I gather my coat. Sam asks if I finished up the project I’d been working on. I tell him, “Cover for me.”





30

I HEAR THE door slam, feel the reverberations. When I dial James’s phone, the call goes straight to voice mail. I crouch down to see if there’s a lip between the floor and the wall to grab and shove out, but instead I find a book, leatherbound and wedged thick with loose pages. The room seems to pull in closer, and I panic, wondering if I’ll be crushed, then suddenly the wall behind me slides to one side on its own, and light floods in and I am in our bedroom, and I push through the crack quickly, and I look at where I’ve been and it’s just another space we don’t know, a narrow closet, and I examine how the wall works and slide it back, trying not to close it completely, but it clicks into place and then I can’t seem to budge it open again. I try to crank the wall sconce and step gingerly in different areas of the floor to see if I can trigger the opening again, but to no effect. In the light of the room, the book in my hand seems to be a journal and my instinct is to keep it for myself and I wonder why I am turning it into another secret even as I stuff it into the drawer of the nightstand and collapse onto the bed.

James comes into the room, screaming for me, then quieting down when he sees I am right here. “Where were you? What happened?”

I smile because I always smile when I shouldn’t, a nervous tic. I point to the wall that has resealed itself and then open my hand up and raise my eyebrows.

“What do you mean?”

“There’s a room behind that wall, but it’s gone now.”

He looks at me strangely. “There can’t be. It’s the guest room on the other side. There’s not enough space.”

I’m too tired to convince him. “Well, I didn’t make it up.”

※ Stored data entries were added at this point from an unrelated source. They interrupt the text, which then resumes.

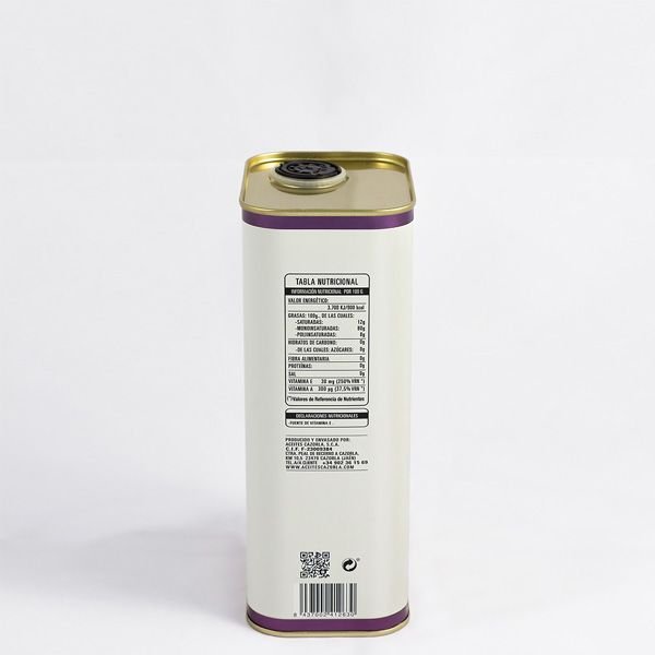 - Forma: tvirta metalinė skardinė, apsauganti aliejų nuo šviesos ir oro.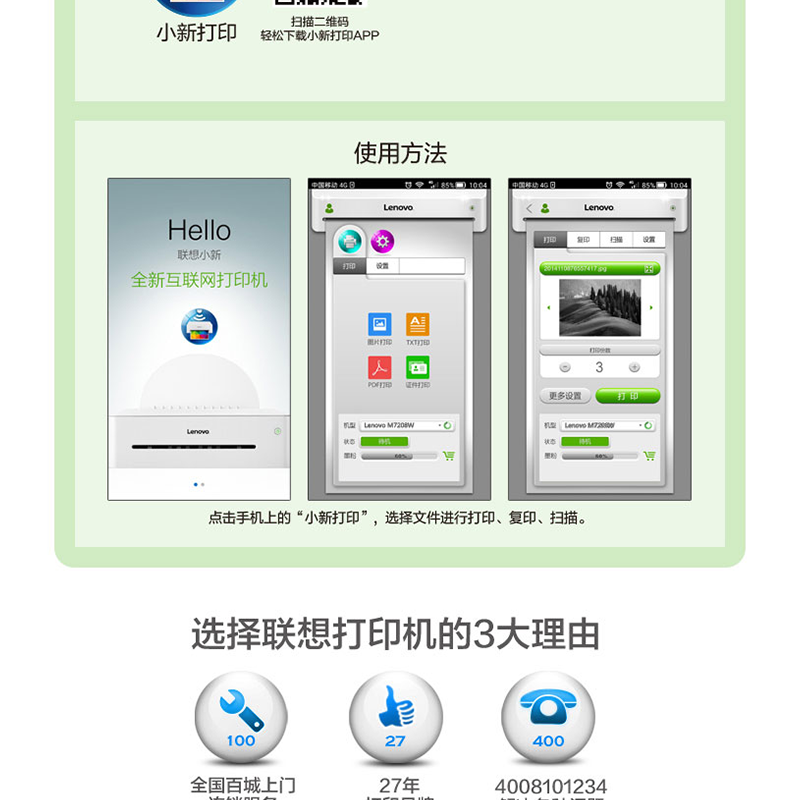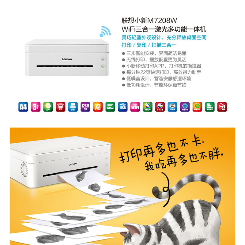 聯(lián)想(Lenovo) 小新M7208W 黑白激光無線WiFi三合一多功能一體機(jī)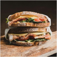 Close-up of a gourmet sandwich with prosciutto, cheese, and greens on a wooden board.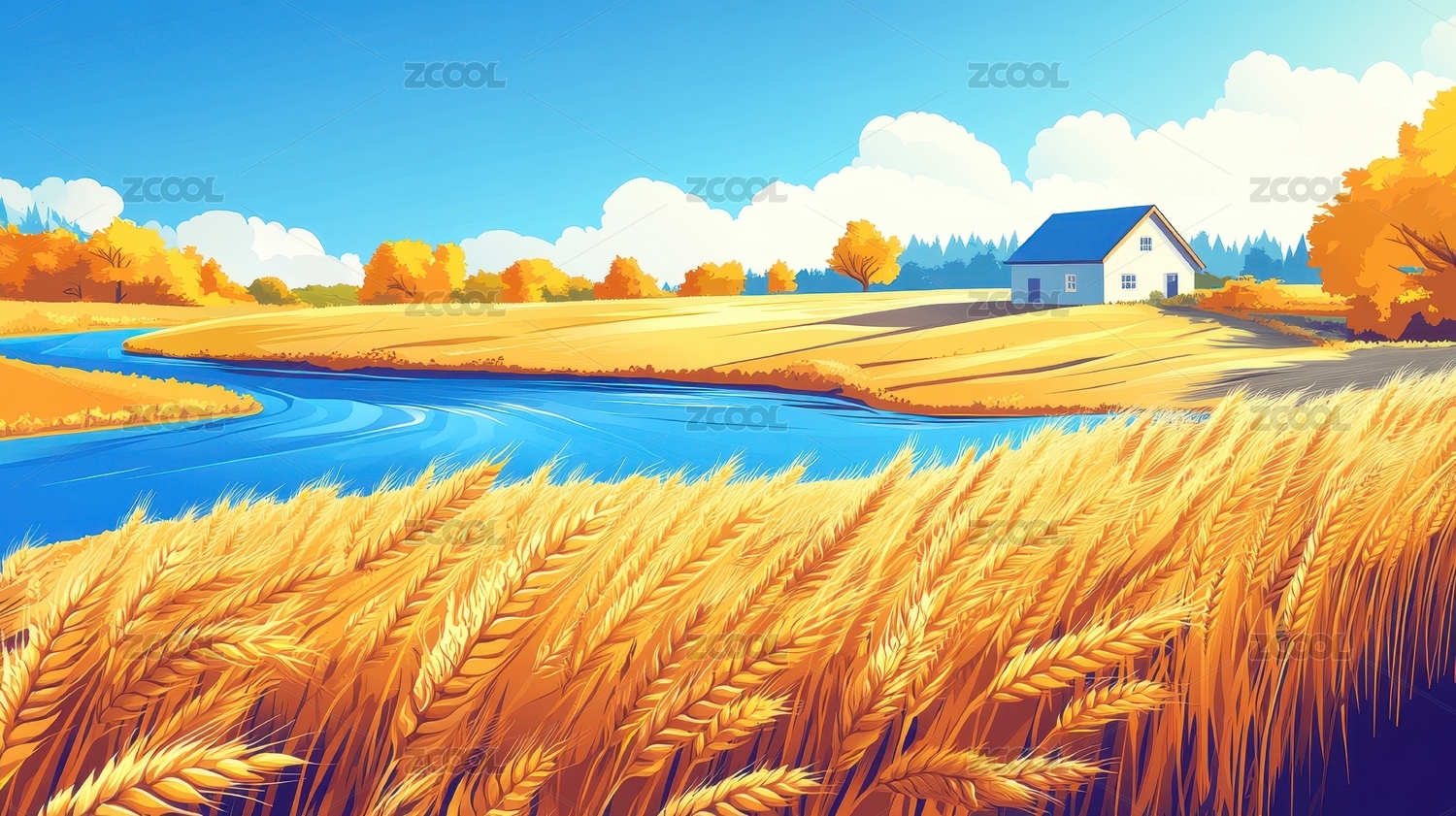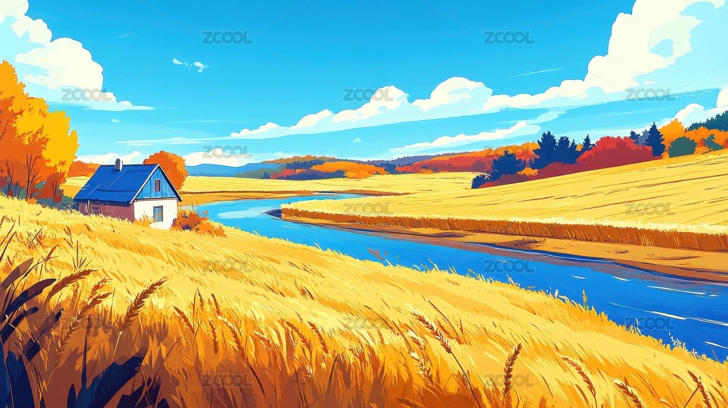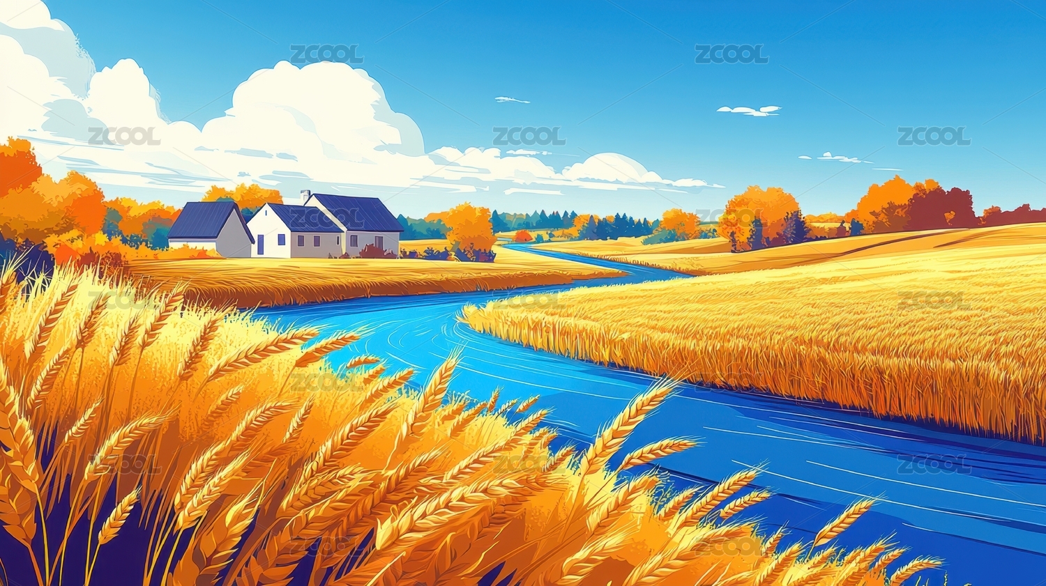 金色田野蜿蜒河流与蓝色屋顶农舍

I can tell he wonders if this is all a bid for attention, if I was ever even trapped. “Talk to me, Julie. What’s going on? Are you mad at me? Are you trying to get back at me?”

I don’t know.





31

WE GO ABOUT our evening, making dinner and rummaging about the house. I try to keep up a regular conversation, but James clips his responses. He takes a call from his parents. “I know you want to visit, but now isn’t a good time. Julie’s under the weather. We’ll let you know as soon as we get settled … Just a cold, I think … I will … Love you, too. Bye.” I snuggle into him while he watches the news, tuck into his armpit, and wrap an arm around the pudge of his belly, and he allows it, but after about ten minutes he tells me he’s wiped and heads upstairs to bed.